Modifying the substrate with responsive thiol molecules

After the growth of the nanostructures, the substrate was coated with a layer of Au (using a sputter-coater, Leica EM, SCD500) and then immersed into an ethanol solution containing HS(CH₂)₉CH₃ and HS(CH₂)₁₀COOH (the total concentration is 1 mmol l⁻¹ whereas the ratio between the two molecules is variable) for about 12 h. Afterward, the substrate was rinsed with plenty of ethanol and dried with N₂.

Preparation of emulsions

Surfactant-free water-in-oil emulsions were prepared by mixing 30 ml of oil (toluene, hexane, chloroform, gasoline, or petroleum ether) and 0.5 ml of water and then sonicating under a power of 600 W for about 2 h to obtain milk white solutions. Surfactant-free oil-in-water emulsions were prepared by the same process with 45 ml of water and 5 ml of oil. For surfactant-stabilized water-in-oil emulsions, 60 ml of oil and 0.5 ml of water were mixed together, and then Span80 (0.4 g for water-in-toluene, 0.2 g for water-in-hexane, 0.2 g for water-in-petroleum ether, 0.25 g for water-in-chloroform, and 0.2 g for water-in-gasoline) was added, and after stirring for about 3 h, the milk white emulsions were obtained.
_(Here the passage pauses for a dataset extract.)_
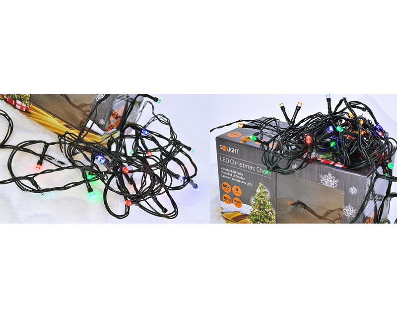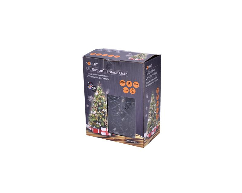 Solight LED venkovní vánoční řetěz, 200 LED, 20m, přívod 5m, 8 funkcí, časovač, IP44, vícebarevný

For surfactant-stabilized oil-in-water emulsions, 60 ml of water and 2 ml of oil were mixed together, then Tween80 (0.6 g for toluene-in-water, 0.2 g for hexane-in-water, 0.2 g for petroleum ether-in-water, 0.2 g for chloroform-in-water, and 0.2 g for gasoline-in-water) was added, and after stirring for about 3 h, the milk white emulsions were obtained. All the prepared surfactant-stabilized emulsions are stable for more than 1 month, and no de-emulsification or precipitation can be observed.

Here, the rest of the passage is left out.